(Records drawn from a dataset)

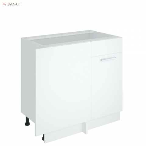 Функциональная и вместительная нижняя угловая тумба КН100x60 Алина Сокме прекрасно подойдет для хранения тяжелых и объемных вещей — всего того, что сложно доставать с верхних полок. Тумба нижняя с одной дверкой и глухим фасадом, содержит одно закрытое отделение с полочкой внутри, для хранения кастрюль различного размера, сковород, кухонной техники (например, комбайна или соковыжималки) и других крупногабаритных и тяжелых предметов. Для удобства двери могут навешиваться как с правой стороны, так и с левой. Столешница комплектуется и продается отдельно. Корпус и фасады изготавливаются из качественного ДСП толщиной 16 мм в идеально чистом «белом» цвете, позволяющем создавать всевозможные шедевры с неким шармом и очарованием, располагая к себе человека и создает комфортную атмосферу. Торцевые поверхности всех внутренних и наружных элементов изделий облицованы кромкой ABS толщиной 0,5/1 мм, придавая мебели завершенный красивый и ухоженный вид. Коллекция привлекает внимание современным дизайном; цветом чистоты и благородства, который сделает кухню необыкновенно притягательной и изящной; продолговатыми пластиковыми ручками, серебристого цвета; прочными ножками, способствующие максимальной устойчивости с цокольными планками, которые комплектуются силиконовым профилем, предотвращая попадание влаги и грязи; фирменными комплектующими: роликовыми направляющими GTV и петлями без доводчика Hafele, которые обеспечивают максимальный комфорт в использовании. Белоснежная кухня Алина Сокме - зрительно расширит пространство и подарит ощущение свободы, заряд положительной энергии и хорошего настроения.
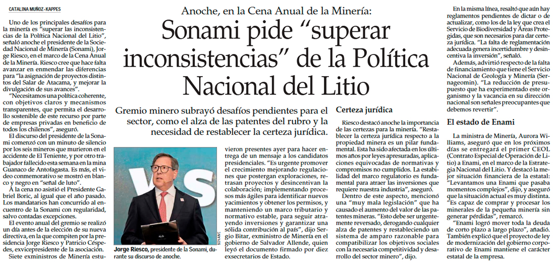 Sonami urge por nuevo pacto público-privado y critica falta de visión de largo plazo en minería - (Diario Financiero)
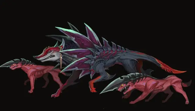 在纳亚菲利的概念探索阶段,美术师参考了游戏《大神》里的神犬,还有《黑暗之魂》里的希夫。他们希望角色能够保留更多的狗生物特征,因此还参考了非洲野狗,来制作了恕瑞玛的沙丘猎犬。虽然角色的内核是黑暗,但纳亚菲利看起来并不像是地狱犬,狗群首领身上有一圈匕首状的设计,耳朵的吊坠是纳亚菲利的最后信物,跟班狗则是头部位置有匕首设计。
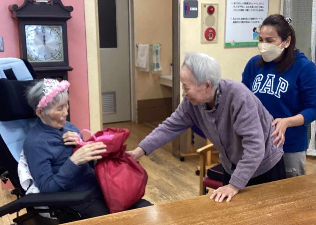 利用者K様からプレゼント贈呈(フットウォーマー)しました。
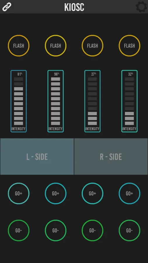 There is a lot of cool equipment available that can be controlled via UDP or OSC messages. You can choose Kiosc to be the stylish front-end for triggering all these video, audio and lighting devices. When designing the layout of your dashboard you can combine buttons, sliders, encoders, check-boxes and colour-pickers. You can drop in your logo or any other graphic.

What you are asked to do ▸ Output the records above exactly, omitting the pictures.

Task response ▸
 Функциональная и вместительная нижняя угловая тумба КН100x60 Алина Сокме прекрасно подойдет для хранения тяжелых и объемных вещей — всего того, что сложно доставать с верхних полок. Тумба нижняя с одной дверкой и глухим фасадом, содержит одно закрытое отделение с полочкой внутри, для хранения кастрюль различного размера, сковород, кухонной техники (например, комбайна или соковыжималки) и других крупногабаритных и тяжелых предметов. Для удобства двери могут навешиваться как с правой стороны, так и с левой. Столешница комплектуется и продается отдельно. Корпус и фасады изготавливаются из качественного ДСП толщиной 16 мм в идеально чистом «белом» цвете, позволяющем создавать всевозможные шедевры с неким шармом и очарованием, располагая к себе человека и создает комфортную атмосферу. Торцевые поверхности всех внутренних и наружных элементов изделий облицованы кромкой ABS толщиной 0,5/1 мм, придавая мебели завершенный красивый и ухоженный вид. Коллекция привлекает внимание современным дизайном; цветом чистоты и благородства, который сделает кухню необыкновенно притягательной и изящной; продолговатыми пластиковыми ручками, серебристого цвета; прочными ножками, способствующие максимальной устойчивости с цокольными планками, которые комплектуются силиконовым профилем, предотвращая попадание влаги и грязи; фирменными комплектующими: роликовыми направляющими GTV и петлями без доводчика Hafele, которые обеспечивают максимальный комфорт в использовании. Белоснежная кухня Алина Сокме - зрительно расширит пространство и подарит ощущение свободы, заряд положительной энергии и хорошего настроения.
 Sonami urge por nuevo pacto público-privado y critica falta de visión de largo plazo en minería - (Diario Financiero)
 在纳亚菲利的概念探索阶段,美术师参考了游戏《大神》里的神犬,还有《黑暗之魂》里的希夫。他们希望角色能够保留更多的狗生物特征,因此还参考了非洲野狗,来制作了恕瑞玛的沙丘猎犬。虽然角色的内核是黑暗,但纳亚菲利看起来并不像是地狱犬,狗群首领身上有一圈匕首状的设计,耳朵的吊坠是纳亚菲利的最后信物,跟班狗则是头部位置有匕首设计。
 利用者K様からプレゼント贈呈(フットウォーマー)しました。
 There is a lot of cool equipment available that can be controlled via UDP or OSC messages. You can choose Kiosc to be the stylish front-end for triggering all these video, audio and lighting devices. When designing the layout of your dashboard you can combine buttons, sliders, encoders, check-boxes and colour-pickers. You can drop in your logo or any other graphic.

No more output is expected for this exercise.